The answer is no. The problem is that #indexOf: is written in Smalltalk, while the bulk of #next:putAll:startingAt: will be a call to memmove. Thus, the solution is to write a primitive that calls memchr. mem* functions are so optimized (there are even instructions to implement them in the newest x86 processors; instructions that go fast, unlike the old REPNE SCASB) that it's worthless to try to write Smalltalk code competing with them.

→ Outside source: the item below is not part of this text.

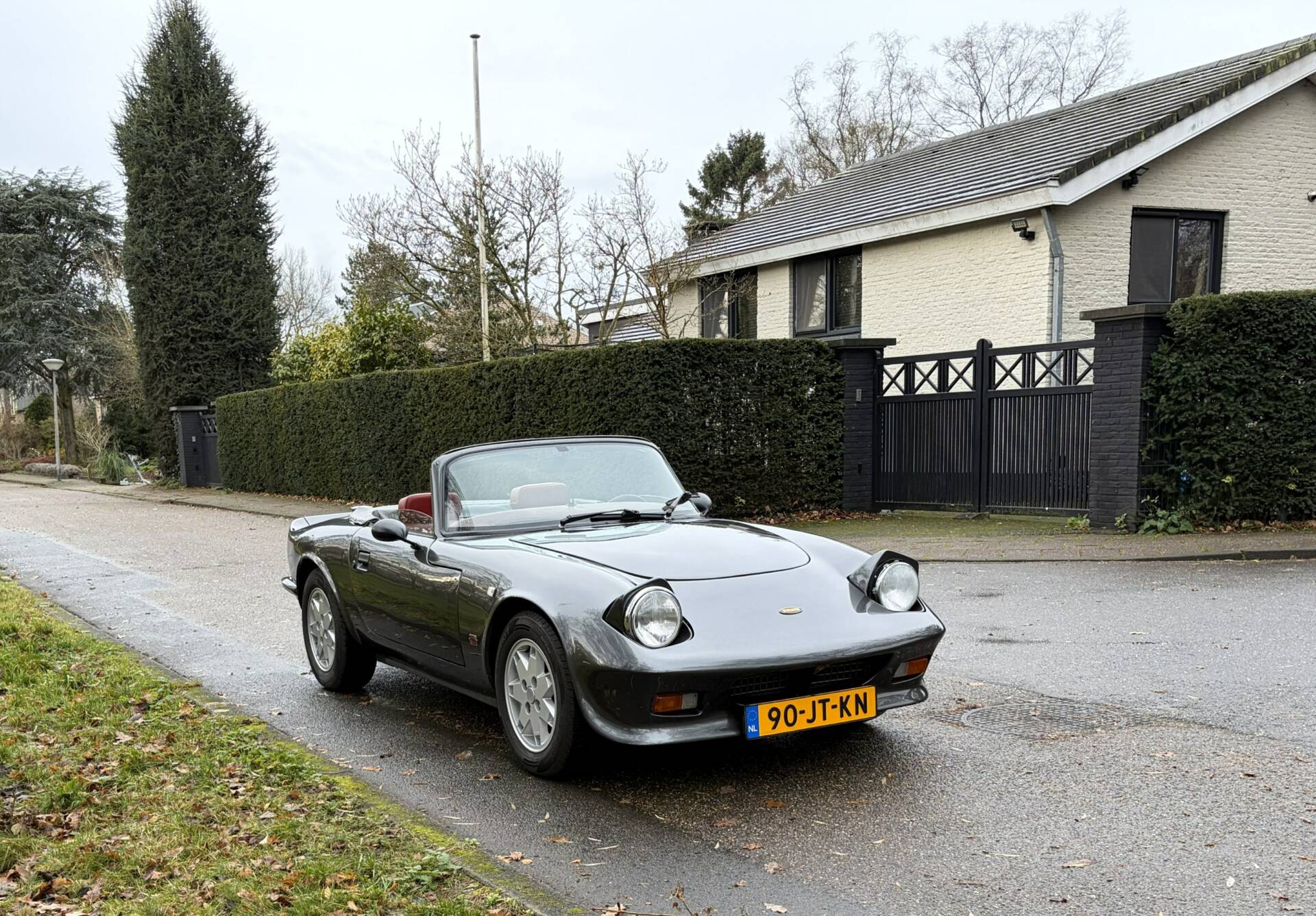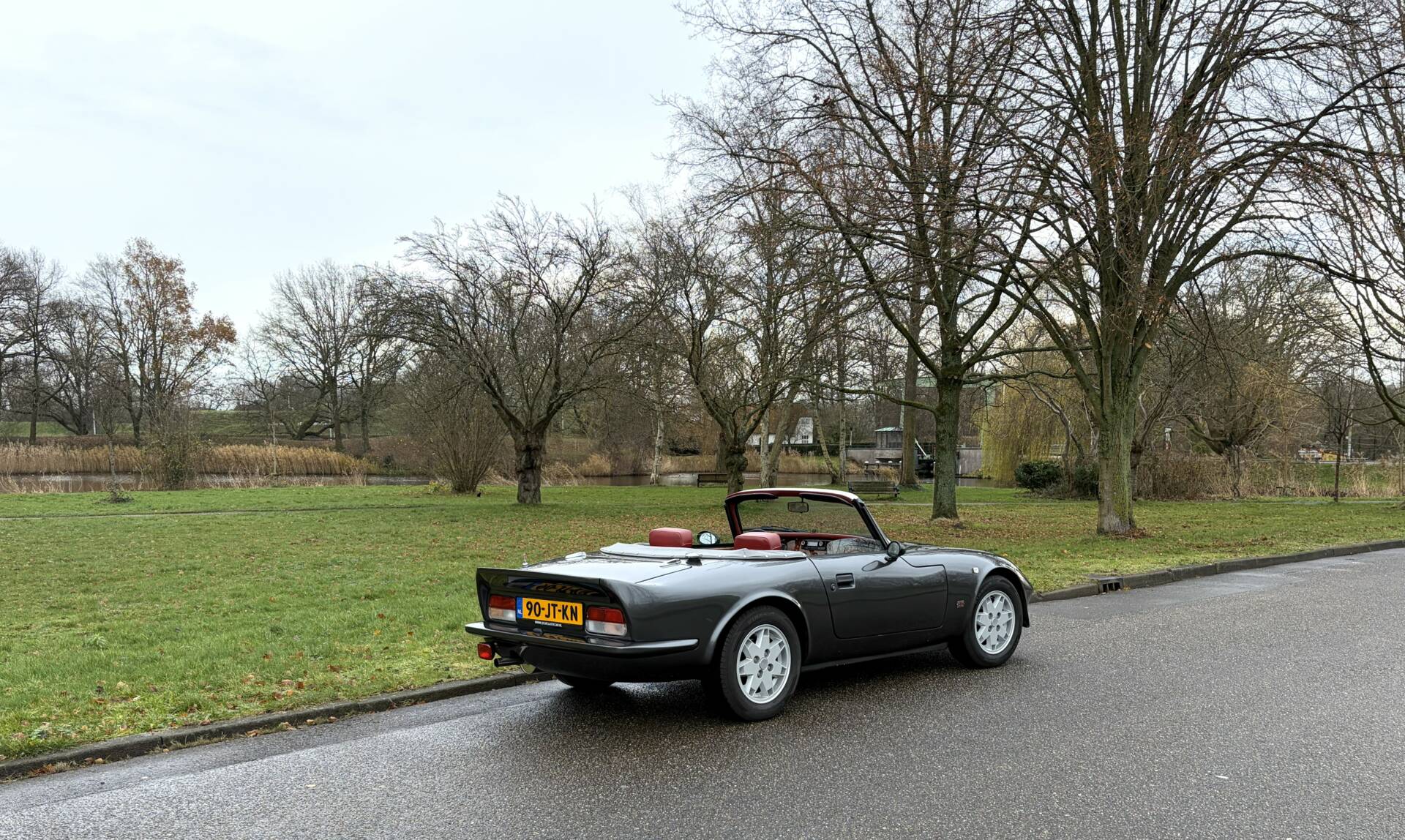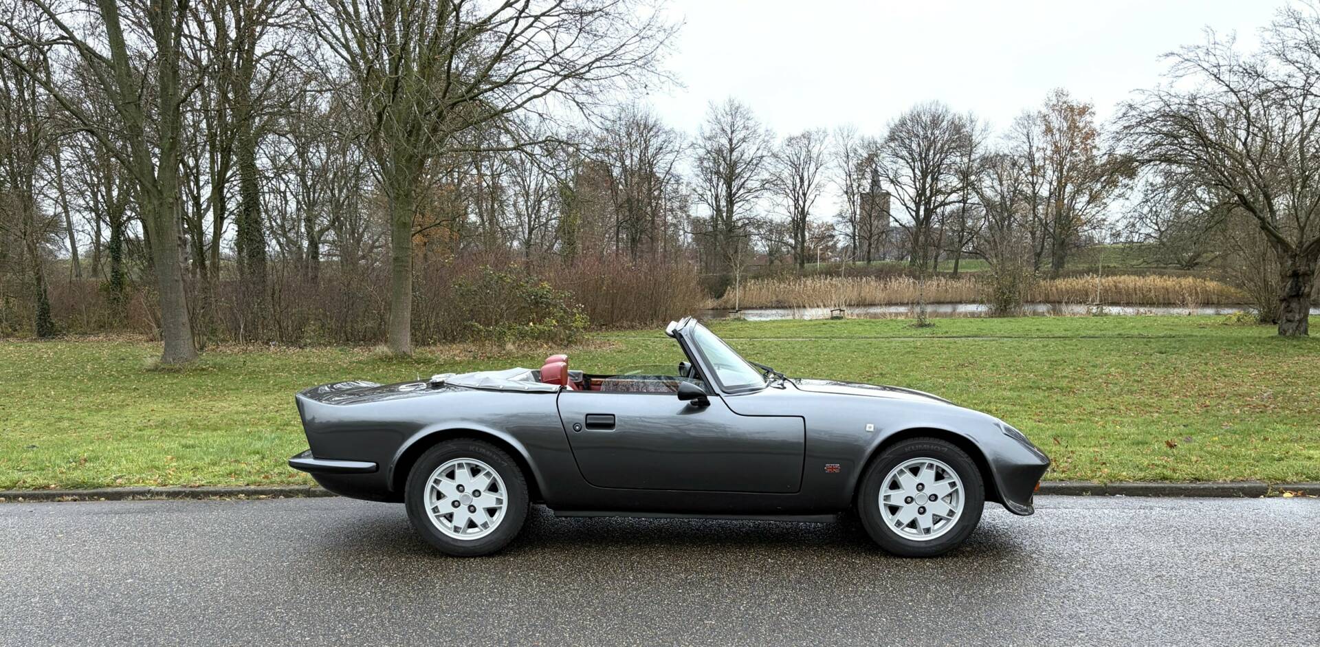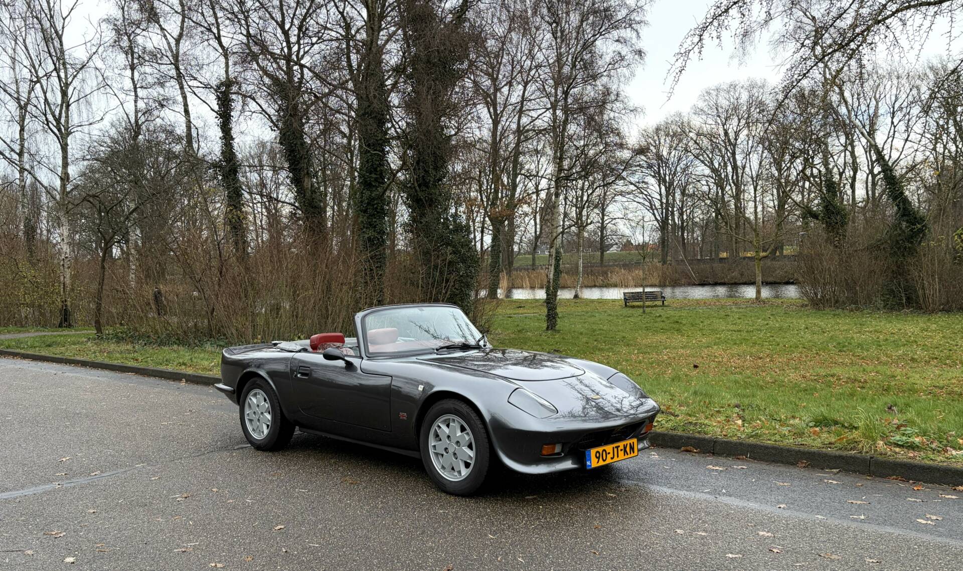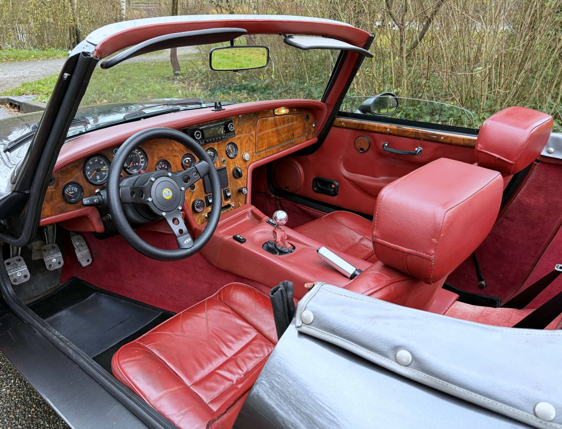This Evante has been repainted in its original colour, ‘Anthracite Metallic’, and the paintwork is of high quality. The body is made of polyester reinforced with Kevlar, making it ultra-light, very rigid and extremely strong. Unfortunately, it is also expensive to produce, and everything is built by hand. Every connoisseur knows that it is very difficult to get a polyester bodywork nice and smooth. The advantage is that rust does not stand a chance. There are some signs of wear on the left side, but that is to be expected after almost 37 years. The original bonnet is still remarkably beautiful and closes tightly. The original cover is also present, as is the tonneau cover. A few clips are missing. The original rims are beautiful and fitted with the correct tyres.

Here is the top profile after finishing this work:
- WriteStream>>nextPut: (11%)
- Seaside.WAEncoder>>nextPutAll: (9%)
- WriteStream>>next:putAll:startingAt: (2.5%)
- WriteStream>>next (2%)
The cost of HTTP parsing is now around 10% (we started at 30%)... without touching it!!! The benefit comes entirely from rewriting the stream operations to operate on big chunks of data whenever useful. Thus, this is a great example of how these low-level optimizations will benefit GNU Smalltalk programs in general.
_EDIT_: another tweak to the base classes (reusing the #at: primitive for SequenceableCollection>>#at:ifAbsent:) and HTTP request parsing is down in the 7% range. The relevant methods are omitted from the above profiles because they are not relevant to stream operations.